Records for this exercise
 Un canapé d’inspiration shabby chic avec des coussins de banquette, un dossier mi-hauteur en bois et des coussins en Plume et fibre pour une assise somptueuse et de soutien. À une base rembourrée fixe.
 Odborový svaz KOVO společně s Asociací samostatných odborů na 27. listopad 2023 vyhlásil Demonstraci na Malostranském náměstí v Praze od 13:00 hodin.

* * *

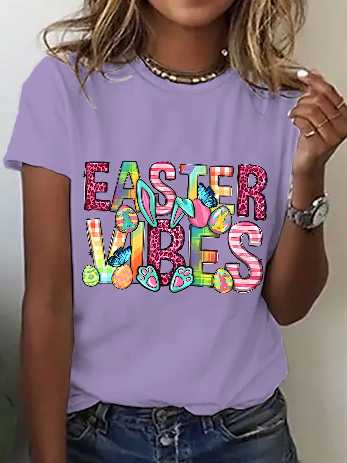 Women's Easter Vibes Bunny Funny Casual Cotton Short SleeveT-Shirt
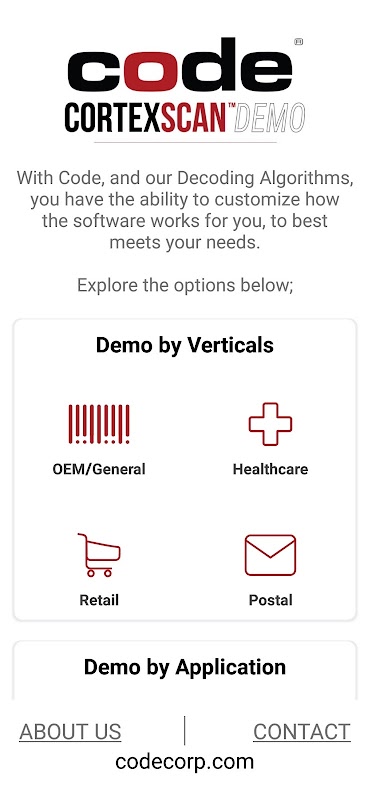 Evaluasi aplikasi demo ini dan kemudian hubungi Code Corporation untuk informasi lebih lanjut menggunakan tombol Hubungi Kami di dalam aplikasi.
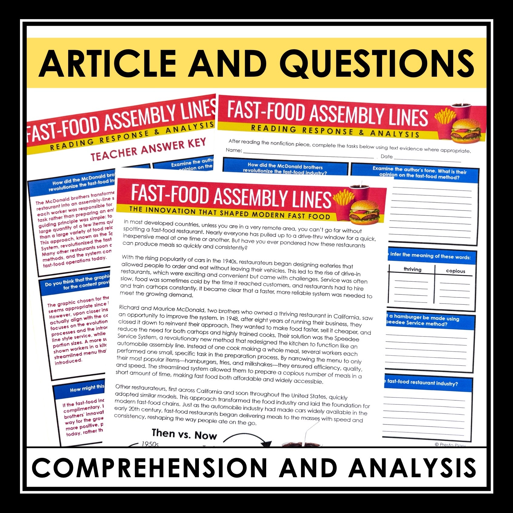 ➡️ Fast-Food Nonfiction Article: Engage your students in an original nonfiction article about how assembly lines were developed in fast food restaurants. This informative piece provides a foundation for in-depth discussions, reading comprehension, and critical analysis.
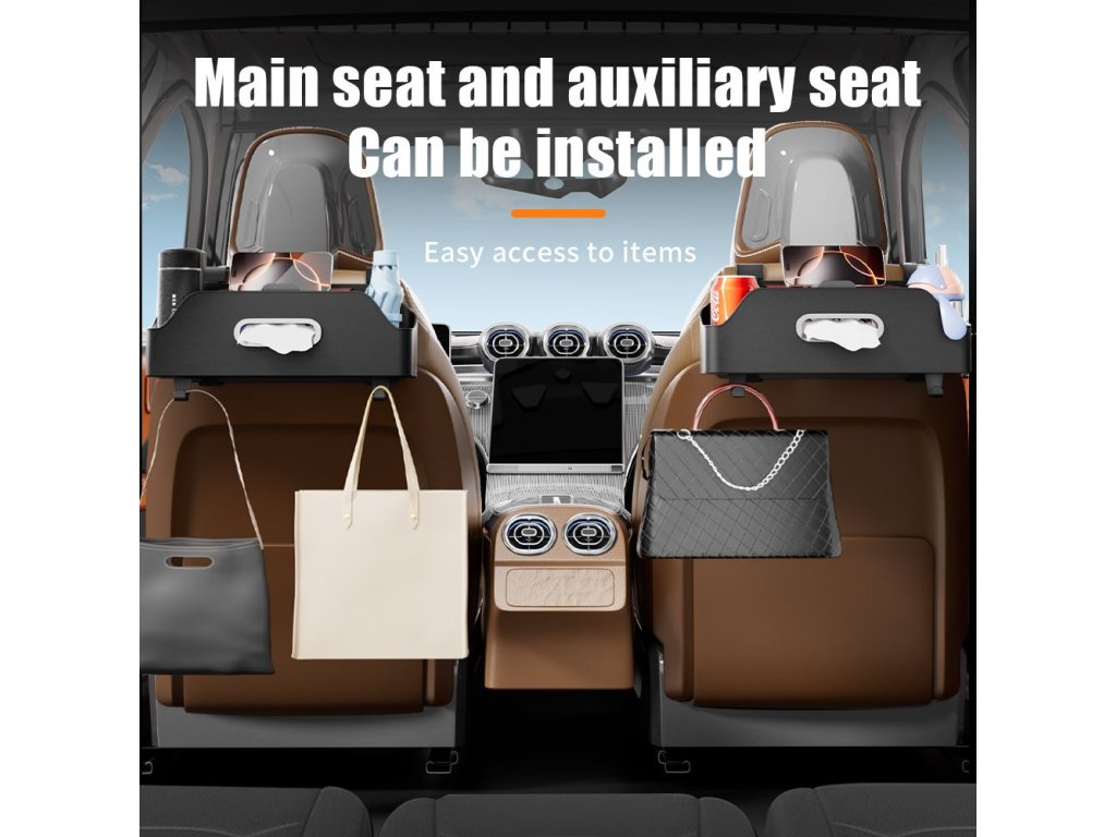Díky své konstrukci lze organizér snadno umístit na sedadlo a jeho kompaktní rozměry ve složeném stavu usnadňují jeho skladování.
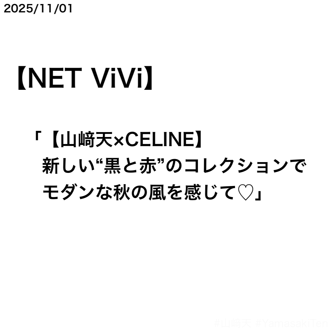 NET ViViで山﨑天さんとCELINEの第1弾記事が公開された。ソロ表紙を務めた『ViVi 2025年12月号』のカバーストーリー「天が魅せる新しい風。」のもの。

Your assignment
Going back to the entries above, set down exactly the lines that begin at the one with "Un canapé d’inspiration" and end at the one with "Odborový svaz KOVO", both included, and nothing else.

Your response
 Un canapé d’inspiration shabby chic avec des coussins de banquette, un dossier mi-hauteur en bois et des coussins en Plume et fibre pour une assise somptueuse et de soutien. À une base rembourrée fixe.
 Odborový svaz KOVO společně s Asociací samostatných odborů na 27. listopad 2023 vyhlásil Demonstraci na Malostranském náměstí v Praze od 13:00 hodin.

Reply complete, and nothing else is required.